FOOD:Be a smart cookie: keep your brain cells and taste buds happy with these tasty dishes, writes Domini Kemp
SOME OF THE little tricks that food companies get up to make me laugh. I recently picked up a jar of green goo that was supposed to be some sort of guacamole dip. It didn't contain one ounce of real avocado, but was flavoured with avocado powder. It was the most poorly described product I have seen in a long time. Imagine buying an avocado dip that doesn't contain any avocados. Mental.
The other thing that makes me chuckle is when rubbishy food products are loaded with supplements. There are increasing amounts of evidence that Omega-3 fatty acids, folic acid and polyphenols all do fantastic work on improving the brain, but I reckon the more we can eat directly from natural foods, the better it is for us in the long run.
Surely a varied diet with plenty of raw foods and natural snacks, such as nuts rather than crisps, has to be better for us than poor diets full of processed foods, supplemented with a handful of pills?
Don't get me wrong. In certain cases, it absolutely makes sense to supplement diets with additional vitamins and minerals. But the aim is to eat better, enjoy our food more and give your system a breather from time to time. Therefore, suggestions that we should eat more Omega-3s (in oily fish, walnuts and kiwi fruit), more folic acid (in spinach, orange juice and marmite) and foods that have strong anti-oxidant effects (berries) are proving to be true, as scientists study the effects of food on the brain.
There is one polyphenol in particular, curcumin (which is what makes turmeric yellow), that has a protective effect on the brain. Scientists are taking note that in countries such as India, where a lot of curcumin is consumed, Alzheimer's disease is rarer than in other countries.
And on the Japanese island of Okinawa, where they consume loads of fish, there is a very low level of clinical depression. To back up the hypothesis that there is good brain food and bad brain food, scientists have found that diets rich in trans-fats and saturated fatty acids can badly affect cognition. They also found that simple over-eating is bad for the brain. With all this in mind, I'm sneaking in some super-healthy recipes to keep us all in tip-top shape.
Chickpea, chilli and garlic salad
This is a tweaked version of a Peter Gordon recipe. He adds feta cheese to it but I don't usually bother unless it's the star attraction of dinner, in which case I add feta or grilled halloumi cheese. My tolerance for chillies is improving somewhat, so I chuck a few of the seeds into the mixture. Or rather, I'm bad about de-seeding the chillies, so if a few get in there, so be it.
200ml olive oil, plus extra to season
3 red chillies, finely-sliced
12 cloves garlic, peeled and sliced
3 red onions, peeled and finely sliced
150ml cider vinegar
1 large bunch coriander
1 large bunch flat-leaf parsley
1 large bunch mint
2 bunches spring onions
2 tins chickpeas
Juice and zest of one lemon
Salt and freshly ground black pepper
Handful of rocket or baby spinach leaves
Heat the olive oil in a medium-sized saucepan and gently cook the chillies, garlic and onions for about five minutes, until the onions are flaccid. Add the cider vinegar, turn up the heat and cook for a few more minutes, until some of the harshness of the vinegar has cooked off.
Put the onion mixture in a bowl to cool, and then roughly chop the herbs and spring onions. Drain and rinse the chickpeas under cold water and mix with the onions, the herbs and spring onions. Season with the juice and zest of a lemon, some more olive oil, salt and plenty of black pepper.

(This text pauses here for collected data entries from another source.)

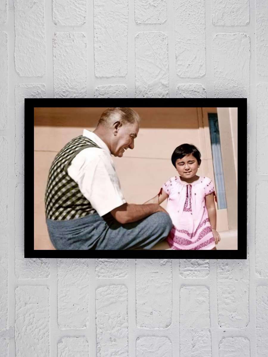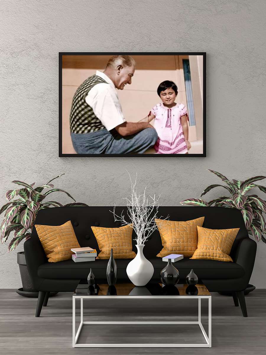 Atatürk Poster Tablo Siyah Çerçeveli Atatürk Duvar Tablo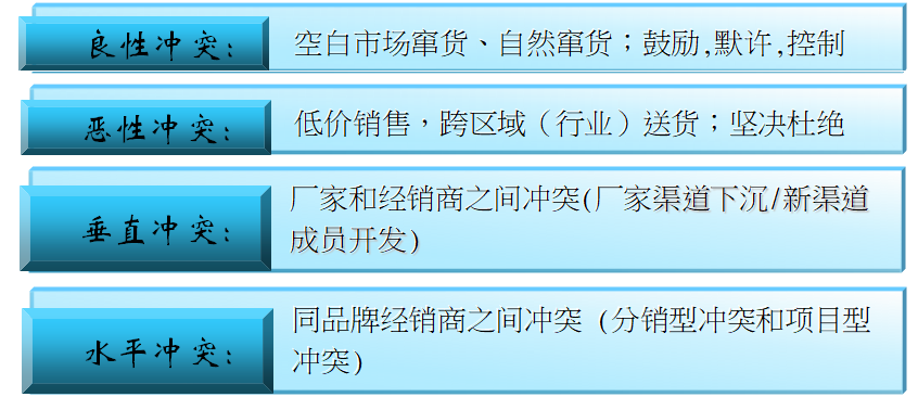 渠道冲突往往是以牺牲厂家的长期利益为代价,渠道冲突短期甚至还会促进销量。当渠道冲突发展到一定程度,所有的渠道成员都会离厂家而去,经销商前期的投资也会有损失,但不做这个品牌,至少还有其他选择,厂家却没有后路可选。因此,厂家不愿意看到渠道成员无序的市场行为,要求对渠道冲突进行某种程度的控制,所以处理渠道冲突也是渠道经理日常管理中一个重要工作。渠道冲突可以分为垂直冲突和水平冲突,前者是厂家和经销商之间的冲突,后者是同品牌经销商之间的冲突,水平冲突又分为良性冲突和恶性冲突,厂家如何应对这些不同类型的冲突?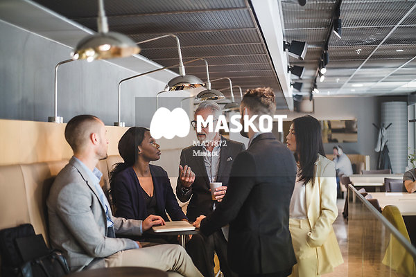 Engagerad man diskuterar med kollegor i kafeteria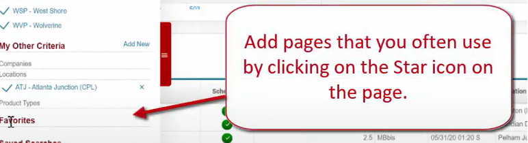 Add pages that you often use by clicking on the Star icon on the page.
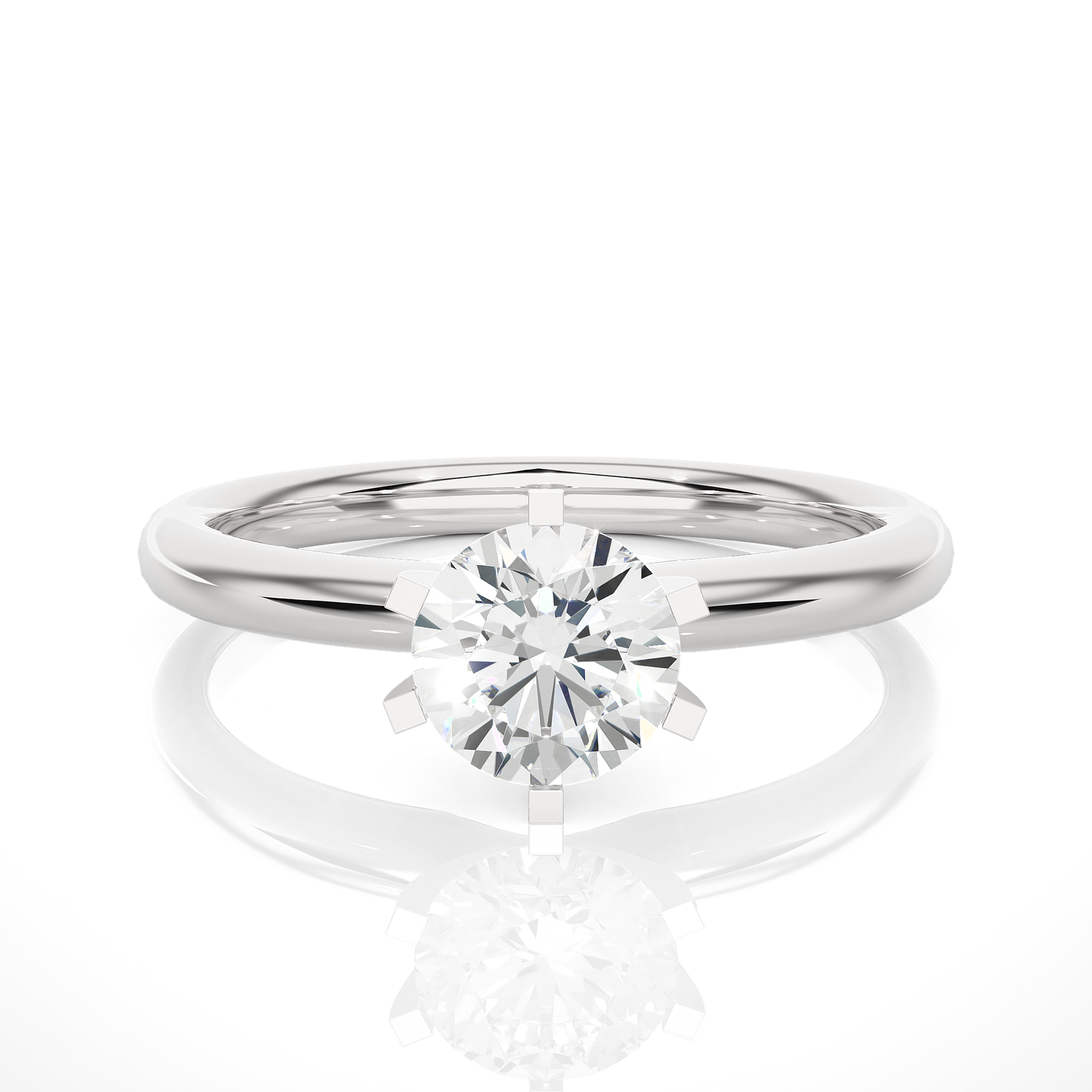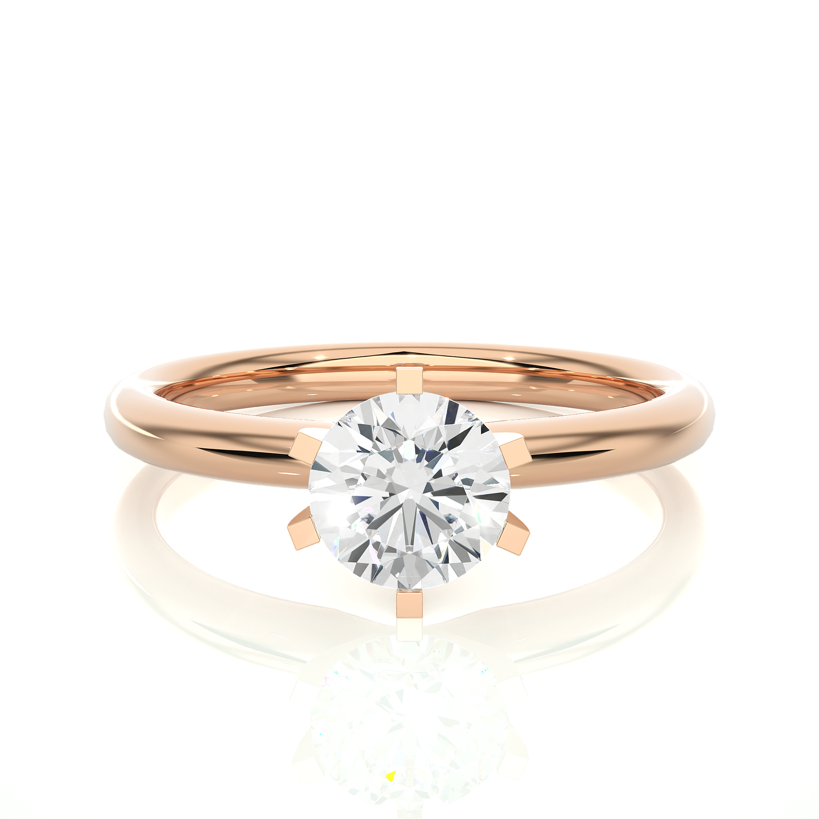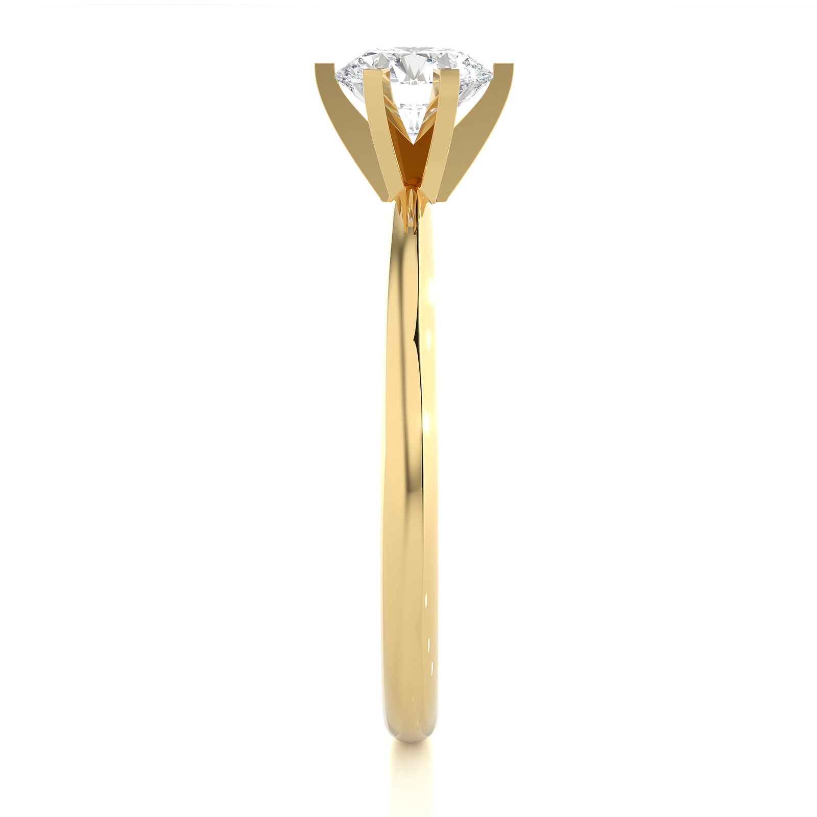 This round cut solitaire diamond ring is set in a sleek yellow gold band. The six-prong setting ensures both security and style, highlighting the brilliance of the center stone. Perfect for engagements or special occasions, this ring exudes classic charm and everlasting beauty.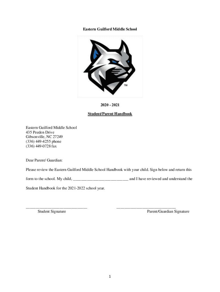 Eastern Guilford Middle School2020 2021 Student/Parent Handbook Eastern Guilford Middle School 435 Pee den Drive Wilsonville, NC 27249 (336) 4494255 phone (336) 4490728 fanfare Parent/ Guardian: Please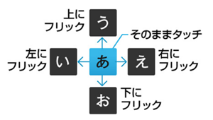 「あ」キーの上下左右方向には、あ行のほかの文字(い、う、え、お)が割り当てられていて、「い」を入力したいときは左へ、「う」なら上へ、「え」なら右へ、「お」であれば下へ指をフリックしてそれぞれの文字を入力します。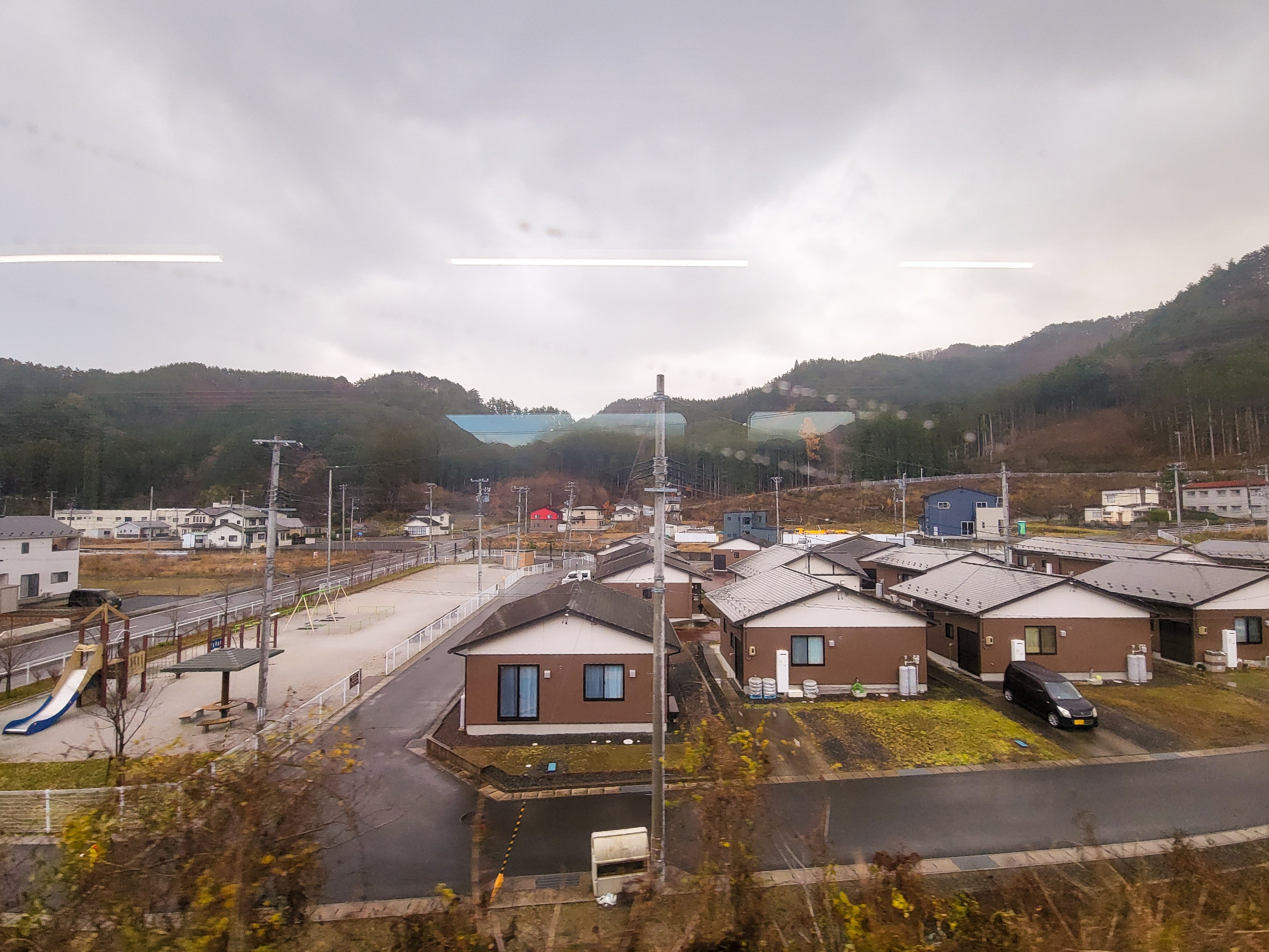 釜石市は日本最大の鉄鉱山である釜石鉱山を中心に発展した「鉄の町」として知られています。鉱山や製鉄所で働く労働者のために多くの団地が建設され、車窓からも多くの団地を見ることができました。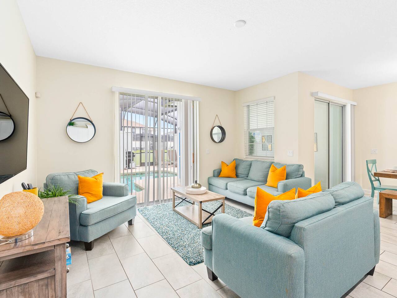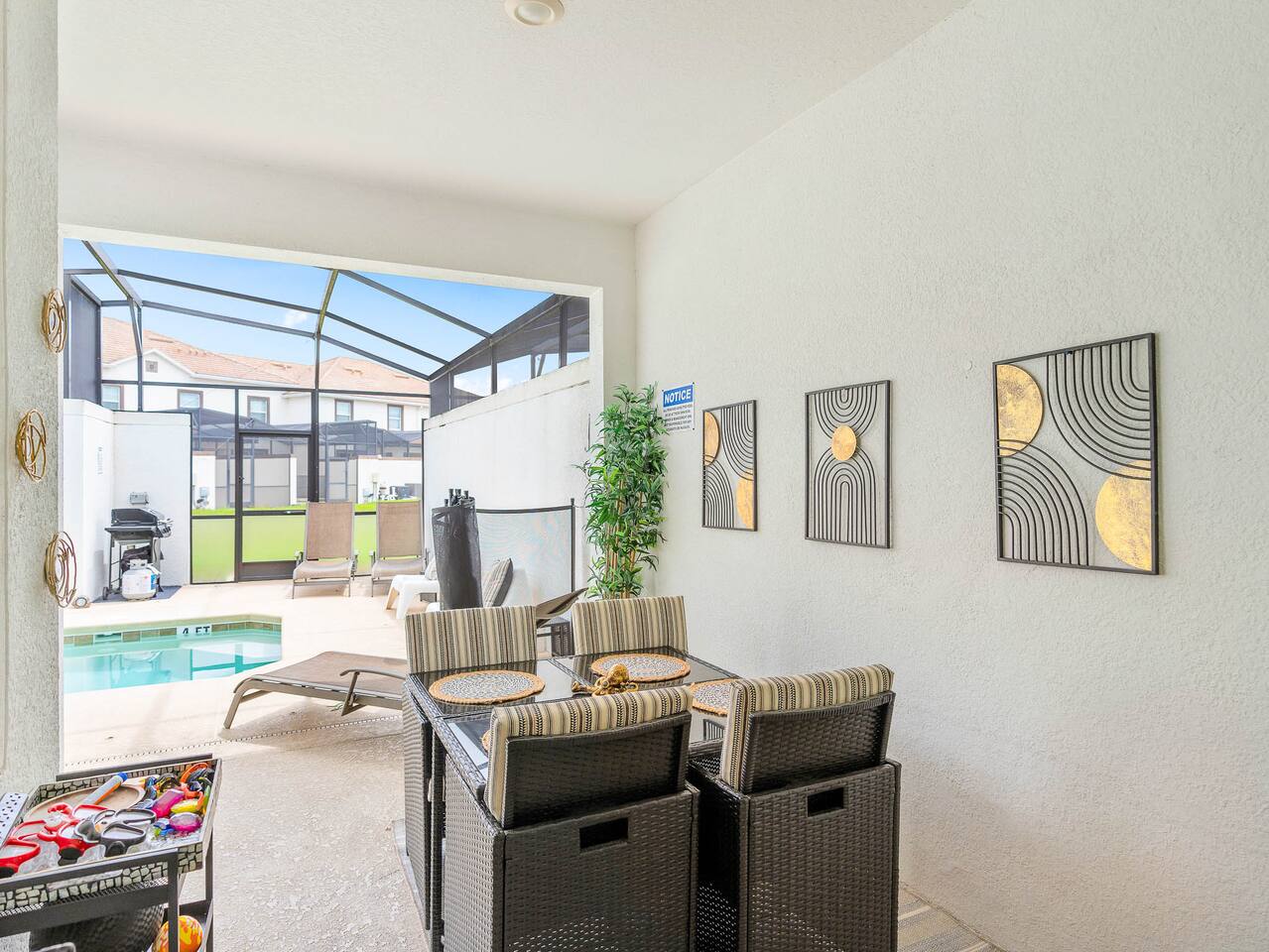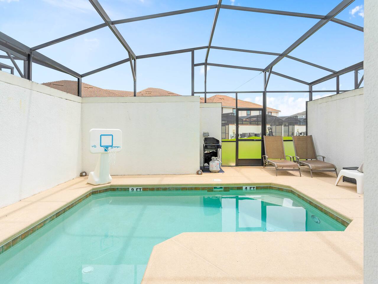 You'll never forget your trip to Disney! Let us help you make it memorable with a nice, comfy stay and incredible amenities. Centrally located to restaurants and shopping, walkable to the clubhouse amenity area, and a short drive to Disney World or Universal Studios. QUICK HITS - Easy self check-in - Child safety pool fence - Private screened patio with heated pool and hot tub (small fee for heating, message me) - Indoor/outdoor dining - BBQ Grill available for small fee (for your entire stay, not per day) FREE on-site waterpark. Just go to the clubhouse and show them your reservation with us on your phone and they will set you up with access. RESORT AMENITIES (Included, just a 10 min walk away) - Huge community pools - Water jungle gym - Waterslides - Lazy River - Tiki Bar - On-site restaurant - Theater - Arcade - Sport Courts TRAVEL LIGHT, we provide the following baby gear for you to use - Pack 'n Play - High chair - Umbrella stroller Villa has outdoor ring video doorbell Pets not allowed. Neighborhood enforced outdoor quiet hours 10pm - 7am. Home is in a gated resort community.
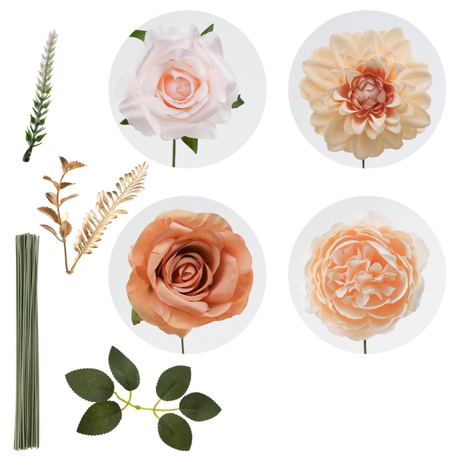 ♔ARTIFICIAL FLOWERS COMBO-A total of 17pcs flowers. Our flower set contains peonies, roses, dahlias and other accessories. It does not come with pre-arranged leaves, allowing you to customize the greenery according to your preferences. Add your favorite foliage to complete the look. All comes in a very cute box, easy giftable item.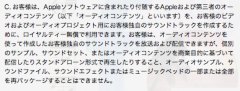 「Appleソフトウェアに含まれたり付随するAppleおよび第三者のオーディオコンテンツを、お客様のビデオおよびオーディオプロジェクト用にお客様独自のサウンドトラックを作成するために、ロイヤルティー無償で利用できます。お客様は、オーディオコンテンツを使って作成したお客様独自のサウンドトラックを放送および配信できますが、個別のサンプル、サウンドセット、またはオーディオコンテンツを商業目的に基づいて配信したりスタンドアローン形式で再生したりすること、オーディオサンプル、サウンドファイル、サウンドエフェクトまたはミュージックベッドの一部または全部を再パッケージすることはできません。」

Serve on top of the leaves.
Grilled mackerel with marinated cucumber and mustard creme fraiche (serves 4)
Marinated cucumber
100 ml white wine vinegar
1 bay leaf (if you have one)
1 chilli, finely chopped with or without seeds
2 tablespoons caster sugar
1 big cucumber
1 small onion, or a couple of shallots, peeled and finely chopped
Bunch of chives, finely chopped
4 mackerel fillets
Salt and pepper
Knob of butter or splash of olive oil
Mustard creme fraiche
Small bunch of dill, finely chopped
I tablespoon Dijon or wholegrain mustard
1 small tub creme fraiche (about 170 g)
In a small saucepan, heat up the vinegar with the bay leaf, chilli and caster sugar. Bring to the boil, then strain the liquid and allow to cool. Throw away the bay-leaf debris. Peel the cucumber, slice it thinly and mix with the chilli and vinegar syrup, the onions and chopped chives. Season to taste.
Turn up the grill to high and dot the mackerel skin with butter or a drizzle of olive oil, salt and pepper. Grill, skin-side up, until the skin starts to bubble, blister and char. It cooks very quickly, maybe just two to three minutes. Mix the creme fraiche with the dill and mustard, and serve with a spoonful of cucumber and a mackerel fillet.